Consider some random variables $Y_1,\ldots, Y_n\in L^2(\Omega,\mathcal{F},P)$ and the inner product $$\langle X,Y\rangle_{L^2}=E[XY].$$ Moreover, let $\mathcal{L}^Y=\overline{\operatorname{span}}(Y_1,\ldots,Y_n)\subset L^2$ be the closure of the all linear combinations of $Y_1,\ldots,Y_n$. By the Hilbert projection theorem, for any $X\in L^2$ there exists a unique $P_Y^\bot X\in\mathcal{L}^Y$, that minimizes the distance to $\mathcal{L}^Y$, i.e. for any $Z\in\mathcal{L}^Y$ it holds $$E[(X-P_Y^\bot X)^2]=\lVert X-P_Y^\bot X\rVert_{L^2}^2\le \lVert X-Z\rVert_{L^2}^2=E[(X-Z)^2]$$
Something similiar is true for the conditional expectation $E[X|Y_1,\ldots, Y_n]$. It is $\sigma(Y_1,\ldots, Y_n)$-measurable and for any other $\sigma(Y_1,\ldots, Y_n)$-measurable random variable $Z$, it holds $$E[(X-E[X|Y_1,\ldots,Y_n])^2]\le E[(X-Z)^2].$$
with equality if and only if $Z=E[X|Y_1,\ldots,Y_n]$.
Now I am wondering, if these two random variables coincide?
I am tempted to say, that $P_Y^\bot X$ is a linear combination of $Y_1,\ldots, Y_n$, such that there is a Borel function $f$ with $P_Y^\bot X=f(Y_1,\ldots, Y_n)$ yielding that $P_Y^\bot$ is $\sigma(Y_1,\ldots, Y_n)$-measurable. This would imply
$$E[(X-E[X|Y_1,\ldots,Y_n])^2]\le E[(X-P_Y^\bot X)^2].$$
However, in reality $P_Y^\bot X$ only needs to sit in the closure of the $\operatorname{span}(Y_1,\ldots, Y_n)$. So I am not convinced yet.

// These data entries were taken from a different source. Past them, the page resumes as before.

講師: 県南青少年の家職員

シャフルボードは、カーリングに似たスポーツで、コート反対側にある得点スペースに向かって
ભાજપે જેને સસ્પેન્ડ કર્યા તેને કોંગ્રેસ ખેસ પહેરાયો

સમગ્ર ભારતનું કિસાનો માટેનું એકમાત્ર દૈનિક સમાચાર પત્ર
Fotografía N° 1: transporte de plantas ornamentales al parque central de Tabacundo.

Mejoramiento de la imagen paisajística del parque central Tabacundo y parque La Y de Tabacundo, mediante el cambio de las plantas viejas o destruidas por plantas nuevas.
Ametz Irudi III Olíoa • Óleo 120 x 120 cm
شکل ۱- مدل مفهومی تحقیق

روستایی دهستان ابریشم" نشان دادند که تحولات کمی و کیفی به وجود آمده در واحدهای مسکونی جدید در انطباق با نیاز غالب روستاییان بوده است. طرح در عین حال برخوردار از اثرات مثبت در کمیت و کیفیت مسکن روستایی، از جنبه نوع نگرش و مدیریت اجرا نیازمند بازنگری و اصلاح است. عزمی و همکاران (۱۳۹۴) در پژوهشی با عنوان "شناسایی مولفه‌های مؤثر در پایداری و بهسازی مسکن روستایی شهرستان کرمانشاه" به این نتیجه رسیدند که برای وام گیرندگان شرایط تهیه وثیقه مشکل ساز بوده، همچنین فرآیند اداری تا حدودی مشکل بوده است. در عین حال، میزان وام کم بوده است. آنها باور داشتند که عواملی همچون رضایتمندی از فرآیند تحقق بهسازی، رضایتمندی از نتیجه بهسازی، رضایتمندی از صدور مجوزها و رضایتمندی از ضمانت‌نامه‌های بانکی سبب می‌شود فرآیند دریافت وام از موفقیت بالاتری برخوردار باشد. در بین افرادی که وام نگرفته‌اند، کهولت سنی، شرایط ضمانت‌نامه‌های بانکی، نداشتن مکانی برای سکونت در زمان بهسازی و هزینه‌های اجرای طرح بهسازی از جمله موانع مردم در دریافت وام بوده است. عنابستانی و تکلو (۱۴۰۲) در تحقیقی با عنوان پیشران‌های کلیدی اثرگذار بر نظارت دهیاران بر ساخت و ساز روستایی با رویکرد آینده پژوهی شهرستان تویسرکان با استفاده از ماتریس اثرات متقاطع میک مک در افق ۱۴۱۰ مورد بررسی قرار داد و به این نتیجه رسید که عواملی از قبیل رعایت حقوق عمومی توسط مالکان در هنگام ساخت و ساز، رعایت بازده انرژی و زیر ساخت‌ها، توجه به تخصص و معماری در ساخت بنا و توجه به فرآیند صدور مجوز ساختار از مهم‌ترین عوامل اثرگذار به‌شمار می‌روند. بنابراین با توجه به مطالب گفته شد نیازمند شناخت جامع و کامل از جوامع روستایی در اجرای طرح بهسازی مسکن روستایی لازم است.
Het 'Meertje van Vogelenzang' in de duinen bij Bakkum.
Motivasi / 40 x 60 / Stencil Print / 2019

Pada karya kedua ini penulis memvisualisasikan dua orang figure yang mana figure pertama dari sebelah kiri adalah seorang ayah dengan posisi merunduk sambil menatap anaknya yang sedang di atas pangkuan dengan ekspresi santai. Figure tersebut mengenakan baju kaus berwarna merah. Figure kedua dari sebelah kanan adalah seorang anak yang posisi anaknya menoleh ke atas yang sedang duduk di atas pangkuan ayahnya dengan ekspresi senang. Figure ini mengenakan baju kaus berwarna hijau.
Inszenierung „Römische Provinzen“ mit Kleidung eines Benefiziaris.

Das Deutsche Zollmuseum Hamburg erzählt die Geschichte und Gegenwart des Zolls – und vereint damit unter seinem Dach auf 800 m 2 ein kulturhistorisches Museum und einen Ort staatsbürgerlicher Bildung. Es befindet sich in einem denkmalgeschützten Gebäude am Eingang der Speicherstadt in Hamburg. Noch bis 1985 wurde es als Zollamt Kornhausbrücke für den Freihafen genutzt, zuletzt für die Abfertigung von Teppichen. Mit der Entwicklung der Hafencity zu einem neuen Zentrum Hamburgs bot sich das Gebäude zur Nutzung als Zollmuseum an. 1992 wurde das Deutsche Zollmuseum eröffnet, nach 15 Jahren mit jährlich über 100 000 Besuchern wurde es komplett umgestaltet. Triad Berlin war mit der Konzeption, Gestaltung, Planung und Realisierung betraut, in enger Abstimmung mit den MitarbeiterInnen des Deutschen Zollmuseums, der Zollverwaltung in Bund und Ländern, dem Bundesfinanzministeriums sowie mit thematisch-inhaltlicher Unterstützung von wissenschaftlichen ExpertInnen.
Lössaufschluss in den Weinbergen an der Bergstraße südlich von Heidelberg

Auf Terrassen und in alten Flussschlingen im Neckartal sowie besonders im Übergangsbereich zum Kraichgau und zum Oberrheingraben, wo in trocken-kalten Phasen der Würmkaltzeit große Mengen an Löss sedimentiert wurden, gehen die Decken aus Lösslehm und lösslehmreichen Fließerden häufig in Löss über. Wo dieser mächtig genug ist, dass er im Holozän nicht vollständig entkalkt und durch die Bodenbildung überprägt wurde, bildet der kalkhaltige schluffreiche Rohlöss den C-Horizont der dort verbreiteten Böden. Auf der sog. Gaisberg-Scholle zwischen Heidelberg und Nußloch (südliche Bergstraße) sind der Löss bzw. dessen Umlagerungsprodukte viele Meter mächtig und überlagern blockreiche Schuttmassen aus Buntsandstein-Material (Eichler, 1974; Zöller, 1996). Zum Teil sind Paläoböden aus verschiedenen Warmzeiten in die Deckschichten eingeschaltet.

The other way around, I am tempted to say, that any Borel function $f$ can be somehow represented or approximated by linear combinations of its arguments, which should then imply $E[X|Y_1,\ldots,Y_n]\in\mathcal{L}^Y$ and
$$ E[(X-P_Y^\bot X)^2] \le E[(X-E[X|Y_1,\ldots,Y_n])^2],$$
such that $ E[X|Y_1,\ldots,Y_n]=P^\bot_Y X$ with the inequality above.
But this argumentation is even less convincing to me.
Is my claim true? How should I prove it? Or do there exist any counter examples?
No, they are not equal. The span of $Y_1, \ldots , Y_n$ is a much smaller subspace than $L^2(\Omega, \sigma(Y_1, \ldots , Y_n), \mathbb{P})$; for instance, the former often doesn't contain $Y_1^2$.
For instance, take normalised Lebesgue measure on $[-1,1]$ and $Y(\omega) = \omega$ (so that $Y$ is a uniform random variable on $[-1,1]$) and $X = Y^2$. Then, $E(X|Y) = Y^2$, but $$\mathrm{proj}_{\mathrm{span}(Y)}(X) = Y\arg\min_a E[(Y^2 -aY)^2] = Y\frac{E(Y^3)}{E(Y^2)} =0\neq Y^2$$ where we minimised a quadratic polynomial in $a$ to perform the optimisation.